Alejandro CENTELLAS – Se cerró un círculo de forma casi poética. Villa y Torres marcaron los dos primeros goles de España, como en una analepsis futbolística que termina en el presente con una etapa gloriosa y cimentada para el futuro. A la Selección no se le ha olvidado bailar, si acaso ha perdido frescura y chispa, motivación y hambre. Contra Australia sentimos la punzada nostálgica del paso del tiempo, del deterioro de las obras de arte porque los artistas han perdido el pulso por la vejez. En cualquier caso fue una despedida acorde a la dimensión de nuestra Selección.

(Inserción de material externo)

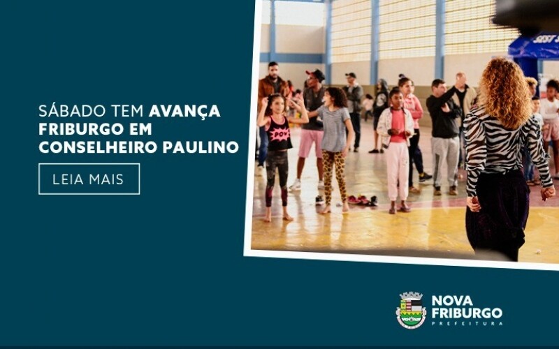 Neste sábado, dia 10, a partir das 9h, será realizada mais uma edição do “Avança Friburgo”, projeto cuja iniciativa é da Prefeitura de Nova Friburgo, através da Secretaria Municipal de Esportes e Lazer, e que conta com o apoio da iniciativa privada. Desta vez, o evento será em Conselheiro Paulino, no Ginásio Alberto da Rosa Pinheiro, ao lado do campo do Pastão.

Por el camino de este Mundial de pesadilla se han ido quedando jugadores como Xavi y Villa, que no volverán a vestir la elástica nacional, y las sensaciones de que una regeneración es inminente. La semilla está, el modelo aún se sostiene, pero solo falta regar la cosecha con jugadores frescos, innovar para no morir. La Selección jugó el partido de hoy como nos tenía acostumbrados, moviendo el balón de un lado para otro, con dos toques o menos para dar fluidez al balón. Con este método, archiconocido, llegó la superioridad de España, liderada por Villa y Torres, que hicieron de su movilidad un lienzo sobre el que dibujar las ideas de un centenario Iniesta. El mismo genio de Fuentealbilla se encargó de brindar un balón medido a la carrera de Juanfran, que correspondió al pase con un pase de la muerte que Villa se encargó de transformar de tacón. Ocho besos al escudo del 7 de España como celebración. Golazo de los de antaño, como si lo de Holanda y Chile no hubiera pasado.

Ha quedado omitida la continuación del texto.